To add a time stamp to the snapshot name, use the Pongo2 context variable creation_date
. Make sure to format the date in your template string to avoid forbidden characters in the snapshot name. For example, set snapshots.pattern
to {{ creation_date|date:'2006-01-02_15-04-05' }}
to name the snapshots after their time of creation, down to the precision of a second.

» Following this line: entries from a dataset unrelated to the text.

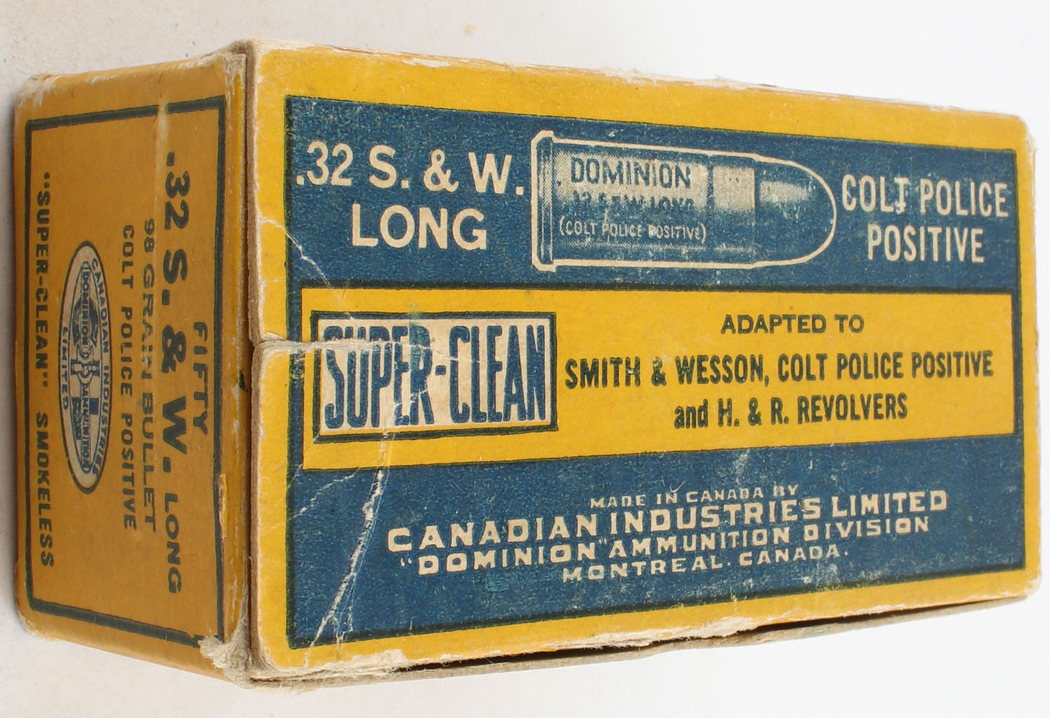 CIL, Super Clean, .32 Smith & Wesson Long, 98 Grain Bullet, Colt Police Positive, Partial 47rds., 1pc. Yellow & blue box, box is solid with very good color, has scuffing, edge & corner wear, ammo is excellent. Grade: Very Good ++ - Value: 20 to 60
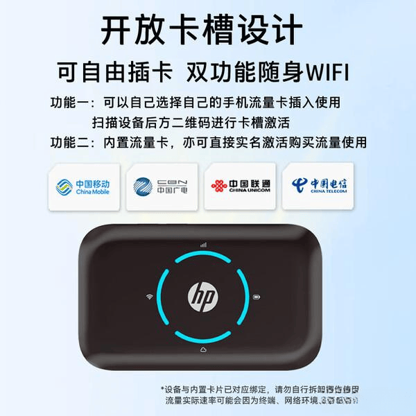 惠普这款随身Wi-Fi支持多种使用方式,用户可以插入流量卡,享受无套餐限制的上网体验,也可以选择不插卡,用内置的SIM卡进行连接,操作都相当方便。设备内置天线,支持4G网络,确保基本的网络连接需求,适合临时出行或户外使用。连接简单,只需开机等待几秒,自动识别网络,几台设备同时连接也不成问题。
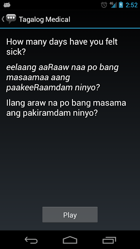 3. On the phrase detail page, the phrase itself is shown alongside its pronunciation and the equivalent English phrase. Press the Play button to hear the audio pronunciation by a native speaker.
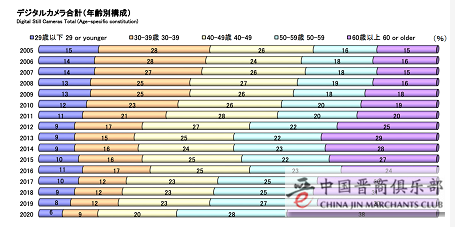 从购买者年龄构成来看,数码相机的购买人群大部分集中在30岁以上,年龄在29岁以下的购买者到了2020年已不足6%,而60岁以上的购买者比重则是扩大到38%。
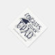 Os guardanapos de papel festa de formatura moderno, personalizados e personalizados que contêm CONGRATOS FORMANDO em tipografia de caligrafia com pincel manuscrita, com nome de formando ou outro texto personalizado e boné de formatura ou placa-mãe na sua escolha de cores (mostrados em azul marinho e prata contra um fundo branco editável). OPÇÕES: A amostra é mostrada no tamanho do coquetel branco de 4,75x4,75"—outros tamanhos e cores do guardanapo estão disponíveis na página de pedidos. ASSISTÊNCIA: para obter ajuda com a modificação/personalização do design, alteração de cor, transferência do design para outro produto ou, se você quiser coordenar itens, entre em contato com o designer ANTES DE ENCOMENDAR através da guia MENSAGEM de bate-papo Zazzle ou por e-mail em makeitaboutyoustore@gmail.com.
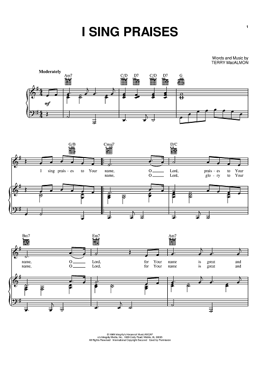 Digital Sheet Music for I Sing Praises by Terry MacAlmon scored for Piano/Vocal/Chords; id:371683

Another way to avoid name collisions is to use the placeholder %d
in the pattern. For the first snapshot, the placeholder is replaced with 0
. For subsequent snapshots, the existing snapshot names are taken into account to find the highest number at the placeholder’s position. This number is then incremented by one for the new name.
snapshots.schedule
Schedule for automatic volume snapshots
Key: snapshots.schedule
Type: string
Default: same as snapshots.schedule
Condition: custom volume
Scope: global
Specify either a cron expression (<minute> <hour> <dom> <month> <dow>
), a comma-separated list of schedule aliases (@hourly
, @daily
, @midnight
, @weekly
, @monthly
, @annually
, @yearly
), or leave empty to disable automatic snapshots (the default).
volatile.idmap.last
JSON-serialized UID/GID map that has been applied to the volume
Key: volatile.idmap.last
Type: string
Condition: filesystem
volatile.idmap.next
JSON-serialized UID/GID map that has been applied to the volume
Key: volatile.idmap.next
Type: string
Condition: filesystem
volatile.uuid
The volume’s UUID
Key: volatile.uuid
Type: string
Default: random UUID
Scope: global